• Prompt
Without including any images, please transcribe all the lines below exactly.
---------- Material for the task ----------
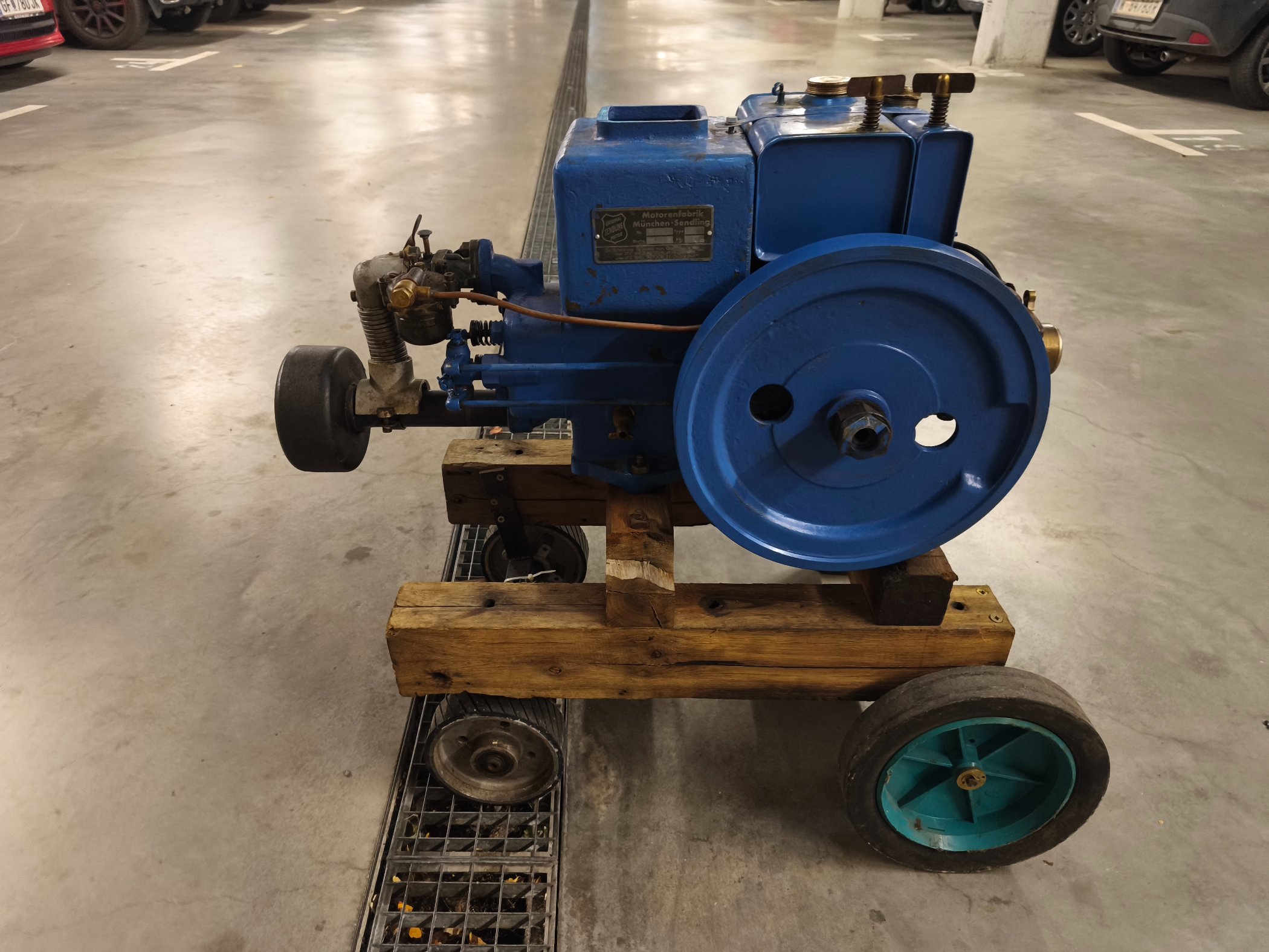 Der Motor ist bis auf die Kurbel vollzählig und in einem netten Blau gehalten, ich behaupte übermalt, aber in Ordnung, gefällt mir ganz gut.
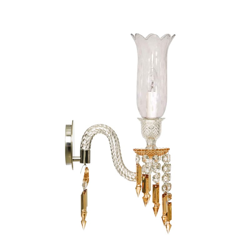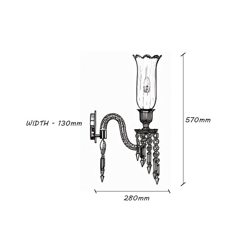 A graceful single-light wall sconce crafted with crystal tubes and Grade A crystal. Its slender profile and radiant clarity offer a timeless glow perfect for intimate, refined settings.
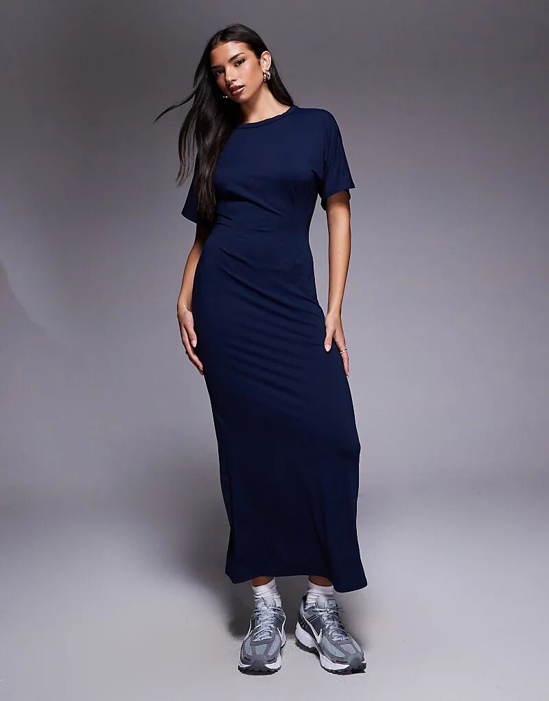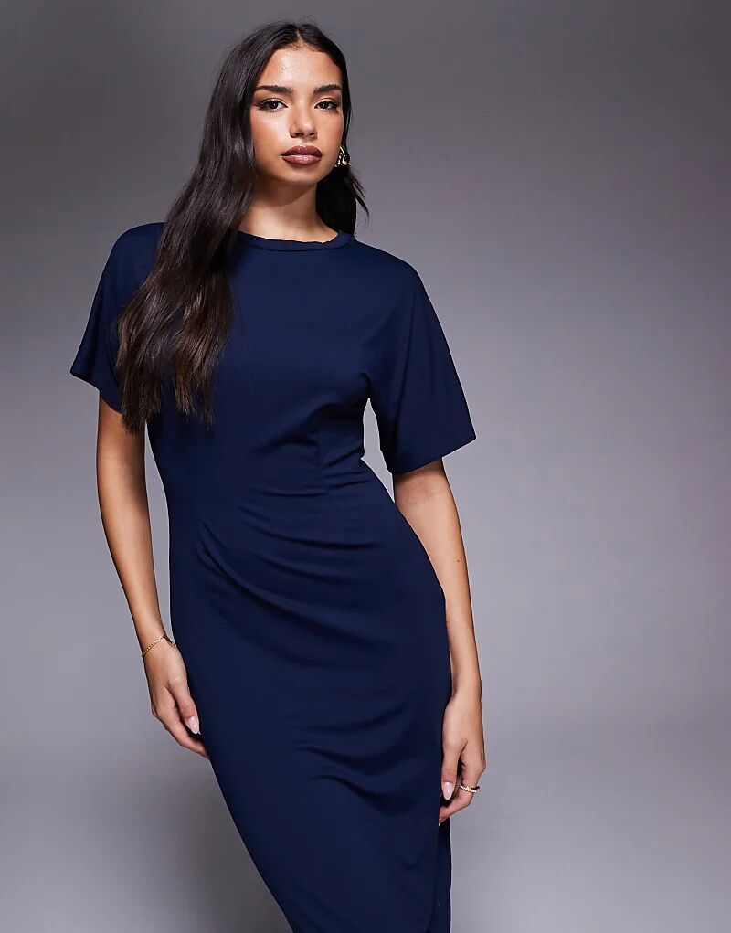 Платье миди ASOS DESIGN с передним швом, темно-синего цвета
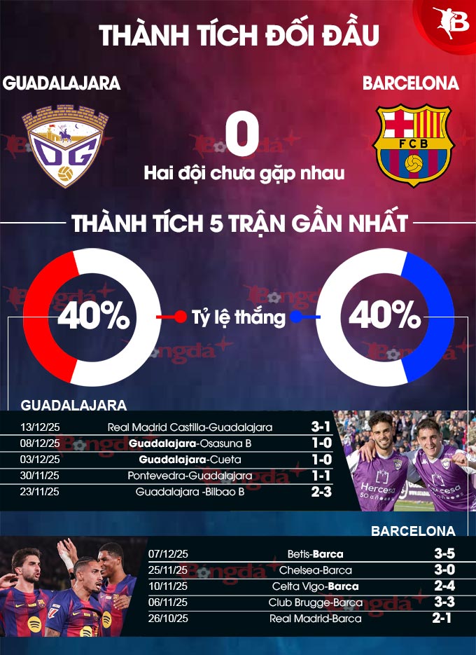 Barca đang có phong độ tốt khi thắng liền 5 trận gần nhất. Đây là lần đầu tiên trong lịch sử Barca chạm trán Guadalajara, đội bóng đang được dẫn dắt bởi HLV Pere Marti, người từng làm việc ở Villarreal, Malaga và Elche. Hiện tại, Guadalajara đang thi đấu ở giải Hạng Ba Tây Ban Nha, tạm đứng thứ 17 với 17 điểm sau 15 trận đã đấu. Trên sân nhà, Guadalajara cũng chơi dở tệ khi chỉ thắng 2 trong 8 trận gần nhất. Nhìn chung, Guadalajara là một "mồi ngon" dành cho các ngôi sao bên phía Barca tập dứt điểm và có thêm hưng phấn.
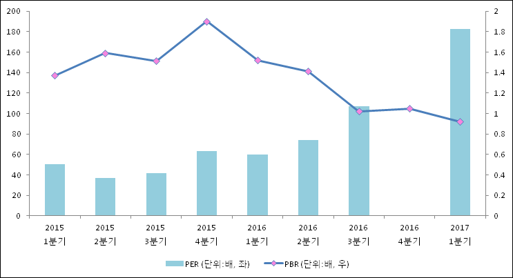주가가 1주당 수익의 몇배가 되는지 나타내는 주가수익비율(PER)은 182.5배로 나타났다. 전년 동기 PER은 59.57배로 이번 분기에 상승했다.주가가 1주당 순자산의 몇배인지 알려주는 주가순자산비율인 PBR은 0.92배이다. 지난해 동기 PBR은 1.52배로 이번 1분기 PBR이 하락했다.
----------
• Output
 Der Motor ist bis auf die Kurbel vollzählig und in einem netten Blau gehalten, ich behaupte übermalt, aber in Ordnung, gefällt mir ganz gut.
 A graceful single-light wall sconce crafted with crystal tubes and Grade A crystal. Its slender profile and radiant clarity offer a timeless glow perfect for intimate, refined settings.
 Платье миди ASOS DESIGN с передним швом, темно-синего цвета
 Barca đang có phong độ tốt khi thắng liền 5 trận gần nhất. Đây là lần đầu tiên trong lịch sử Barca chạm trán Guadalajara, đội bóng đang được dẫn dắt bởi HLV Pere Marti, người từng làm việc ở Villarreal, Malaga và Elche. Hiện tại, Guadalajara đang thi đấu ở giải Hạng Ba Tây Ban Nha, tạm đứng thứ 17 với 17 điểm sau 15 trận đã đấu. Trên sân nhà, Guadalajara cũng chơi dở tệ khi chỉ thắng 2 trong 8 trận gần nhất. Nhìn chung, Guadalajara là một "mồi ngon" dành cho các ngôi sao bên phía Barca tập dứt điểm và có thêm hưng phấn.
주가가 1주당 수익의 몇배가 되는지 나타내는 주가수익비율(PER)은 182.5배로 나타났다. 전년 동기 PER은 59.57배로 이번 분기에 상승했다.주가가 1주당 순자산의 몇배인지 알려주는 주가순자산비율인 PBR은 0.92배이다. 지난해 동기 PBR은 1.52배로 이번 1분기 PBR이 하락했다.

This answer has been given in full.